Key factors informing the Board’s determination include:
- The Proposal substantially undervalues Perrigo’s differentiated global business, including the Company’s leading market position in key franchises, global distribution platform, and proven expertise in product development and supply chain management;
- The Proposal would deny Perrigo shareholders the full benefits of Perrigo’s durable competitive position and compelling growth strategy, which is reflected in the Company’s three-year organic net sales compound annual growth rate (CAGR) goal for calendar 2014 to 2017 of 5-10%;
- The Proposal does not take into account the full benefits of the Omega Pharma acquisition, which closed on March 30, 2015, including additional value to be derived from synergies and increased global presence; and
- The Proposal does not take into account Perrigo’s innovative new product pipeline, which is expected to generate nearly $1 billion in net sales over the next three years, excluding sizable upside from potential new indications for Tysabri®.

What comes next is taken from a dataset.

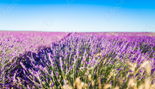 © Daniel, Naklejka premium Lavender bushes closeup on sunset. Sunset gleam over purple flowers of lavender. Bushes on the center of picture and sun light on the left. Provence region of france.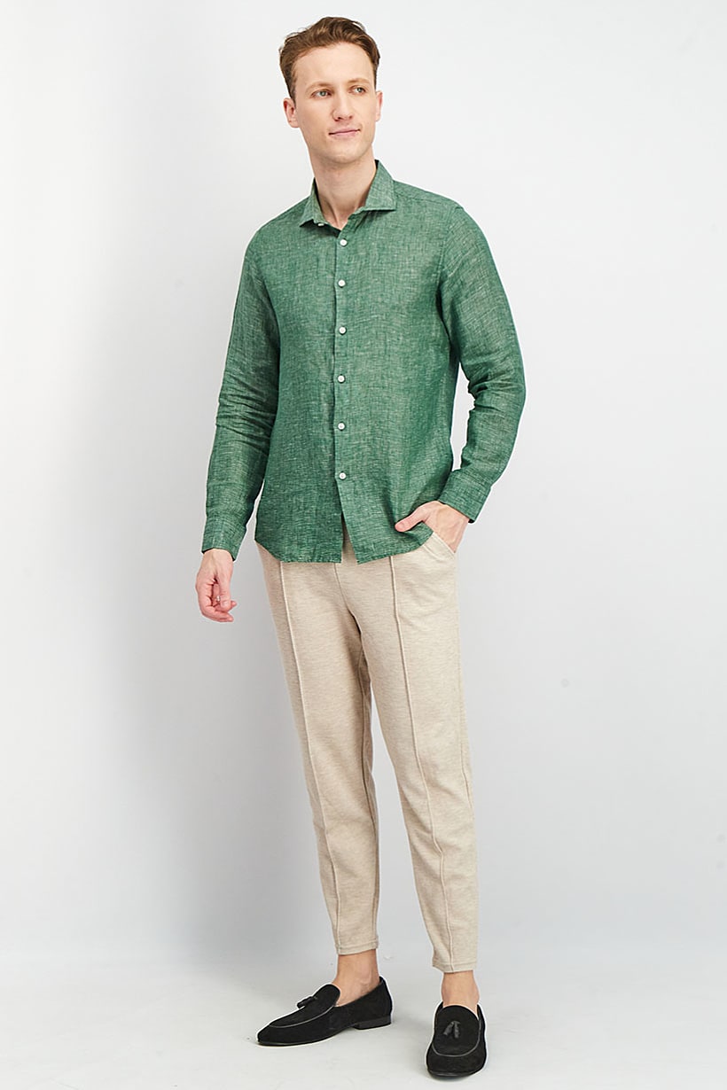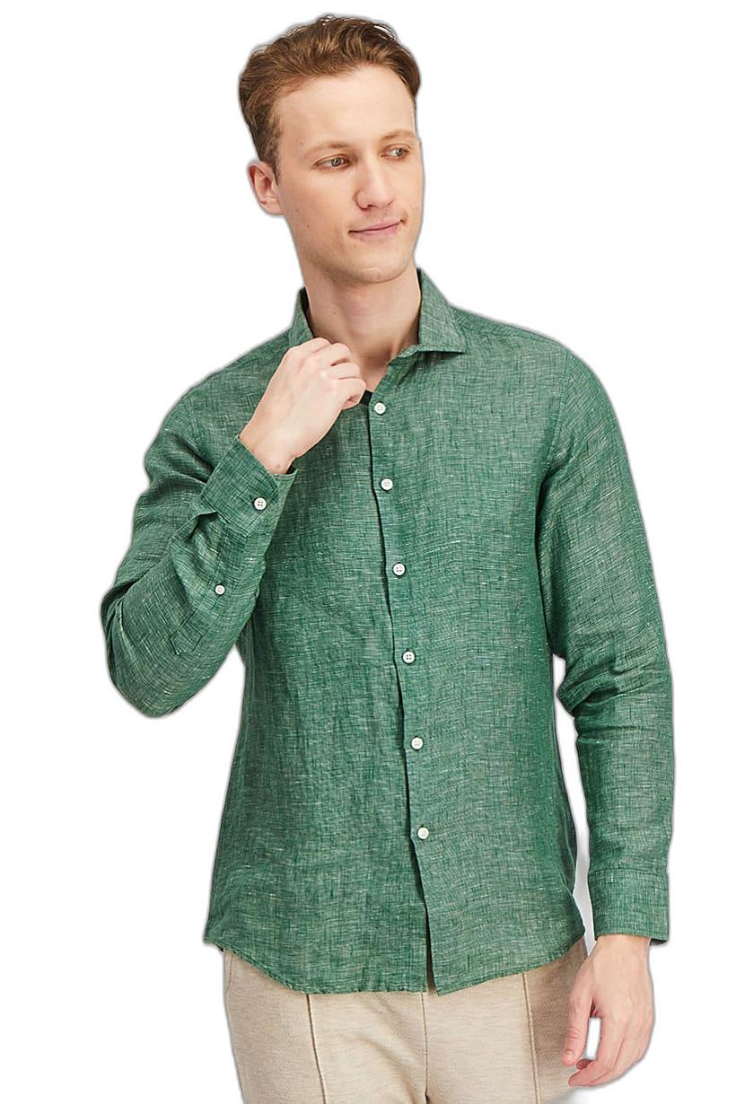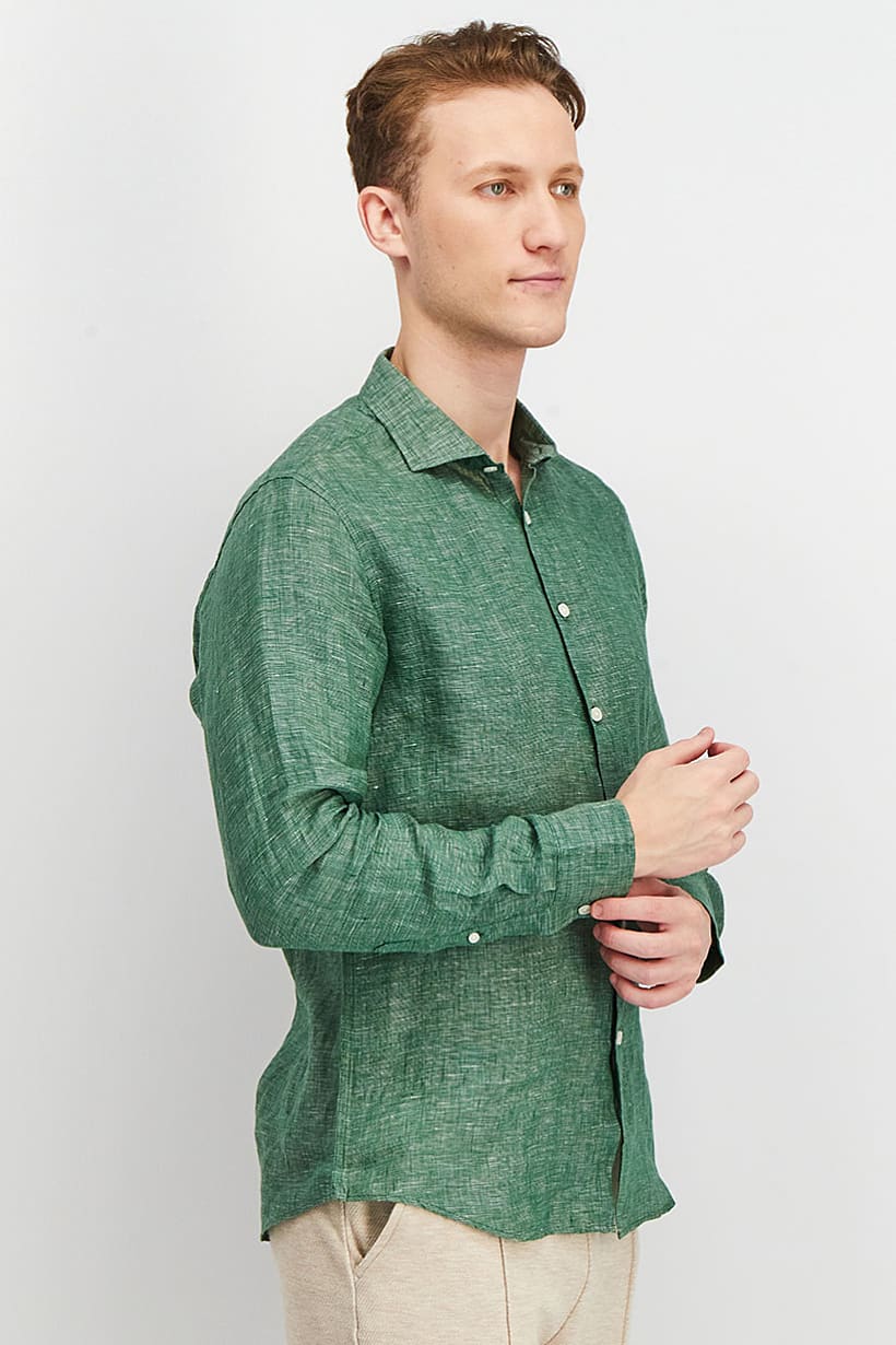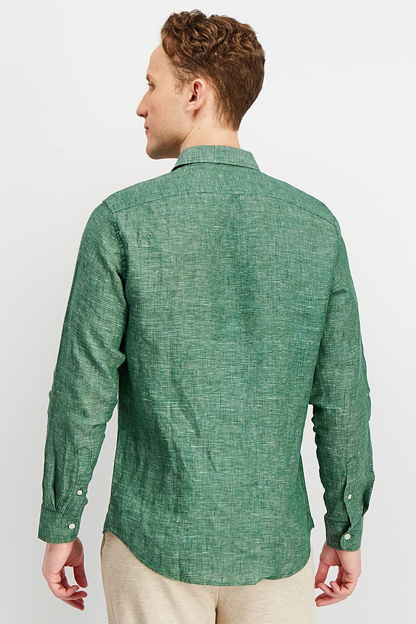 Care : Hand wash, Fit : Regular fit, Size shown : International, Sleeve Length : Long Sleeve, Types of Hem : Slit hem, Types of Neckline & Collar : Spread collar , Disclaimer : Product color may slightly vary due to photographic lighting sources or your monitor settings., Fabrics : 55% Linen, 45% Cotton, Occasion : Casual, Pattern & Print : Textured pattern, Types of Closures : Button, Color Family : Green,

Joseph C. Papa, Chairman, President and CEO, said, “The Board believes the Proposal substantially undervalues Perrigo and its growth prospects and that continued execution by the management team against our global growth strategy will deliver superior shareholder value. Perrigo has a long history of driving above market shareholder value through consistent growth with a focus on profitability and operational excellence, which is reflected in our organic net sales CAGR goal of 5-10% for the next three years. With the acquisition of Omega Pharma, we are a top five global OTC company with a diversified portfolio, a leading market position in key franchises and a strong and established global distribution platform. We will continue to capitalize on our durable competitive position by expanding our international platform organically and through future synergistic deals. These actions will advance our leadership in the global OTC marketplace.”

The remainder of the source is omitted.